Activity:
Whatever lies between the line with "地形编辑:支持基于高程图(如" and the end of the data, both included, must be copied exactly and without pictures.

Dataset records
========

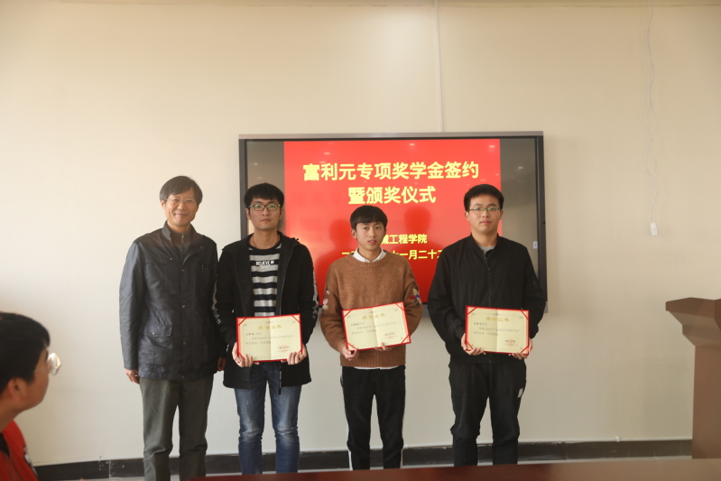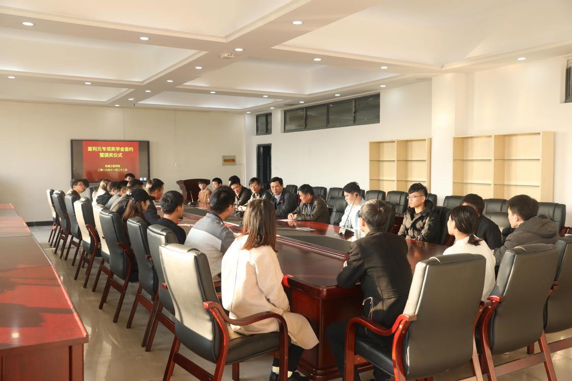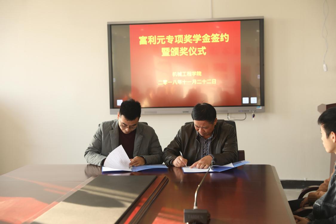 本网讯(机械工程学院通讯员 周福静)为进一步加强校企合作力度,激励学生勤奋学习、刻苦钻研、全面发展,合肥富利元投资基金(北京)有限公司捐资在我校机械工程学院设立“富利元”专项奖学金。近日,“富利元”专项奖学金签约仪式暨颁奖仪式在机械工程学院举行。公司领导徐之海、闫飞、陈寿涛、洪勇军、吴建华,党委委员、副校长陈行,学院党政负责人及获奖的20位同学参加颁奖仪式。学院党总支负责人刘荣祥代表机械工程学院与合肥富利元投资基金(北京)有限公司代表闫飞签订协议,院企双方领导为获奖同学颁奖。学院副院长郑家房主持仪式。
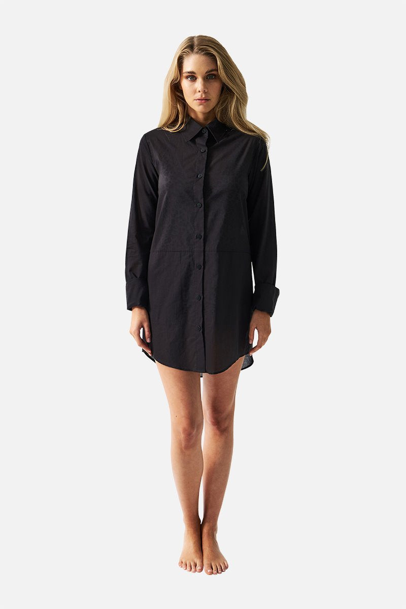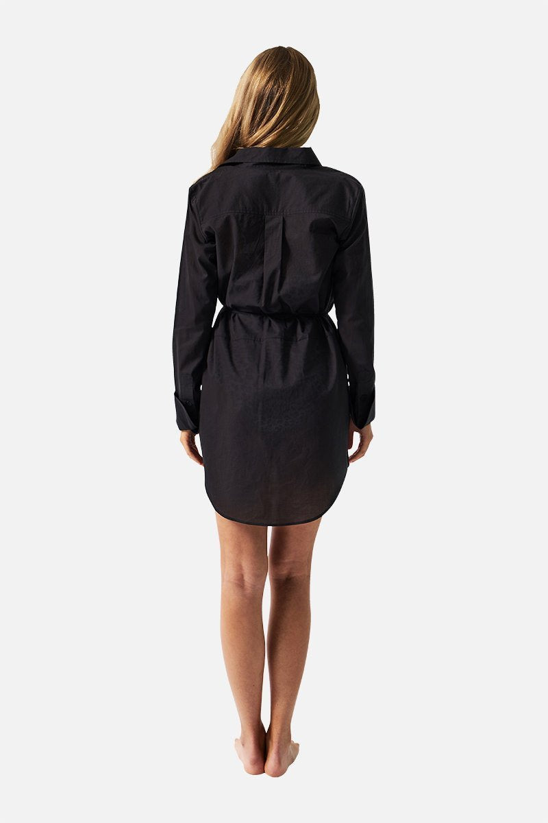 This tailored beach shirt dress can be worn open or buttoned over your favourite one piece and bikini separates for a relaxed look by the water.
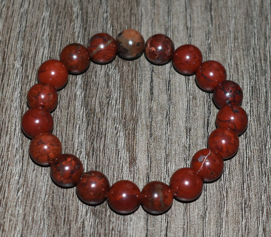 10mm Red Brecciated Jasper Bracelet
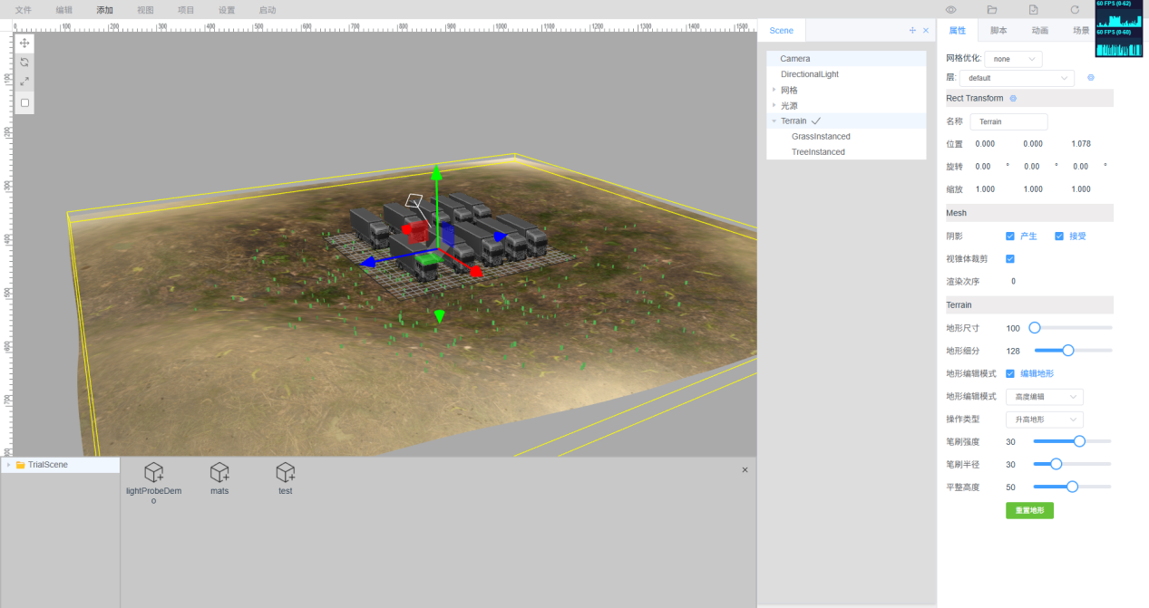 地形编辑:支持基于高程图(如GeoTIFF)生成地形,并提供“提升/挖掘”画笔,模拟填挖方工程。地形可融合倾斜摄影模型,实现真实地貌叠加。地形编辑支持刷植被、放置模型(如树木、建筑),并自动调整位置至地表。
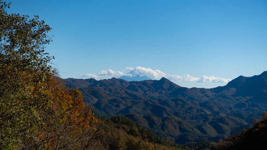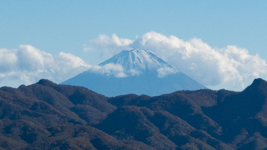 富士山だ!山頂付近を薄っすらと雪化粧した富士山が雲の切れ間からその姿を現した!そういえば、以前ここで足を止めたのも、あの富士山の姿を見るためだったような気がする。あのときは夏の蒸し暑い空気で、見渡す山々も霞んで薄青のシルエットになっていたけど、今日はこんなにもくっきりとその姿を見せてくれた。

========

Answer section:
 地形编辑:支持基于高程图(如GeoTIFF)生成地形,并提供“提升/挖掘”画笔,模拟填挖方工程。地形可融合倾斜摄影模型,实现真实地貌叠加。地形编辑支持刷植被、放置模型(如树木、建筑),并自动调整位置至地表。
 富士山だ!山頂付近を薄っすらと雪化粧した富士山が雲の切れ間からその姿を現した!そういえば、以前ここで足を止めたのも、あの富士山の姿を見るためだったような気がする。あのときは夏の蒸し暑い空気で、見渡す山々も霞んで薄青のシルエットになっていたけど、今日はこんなにもくっきりとその姿を見せてくれた。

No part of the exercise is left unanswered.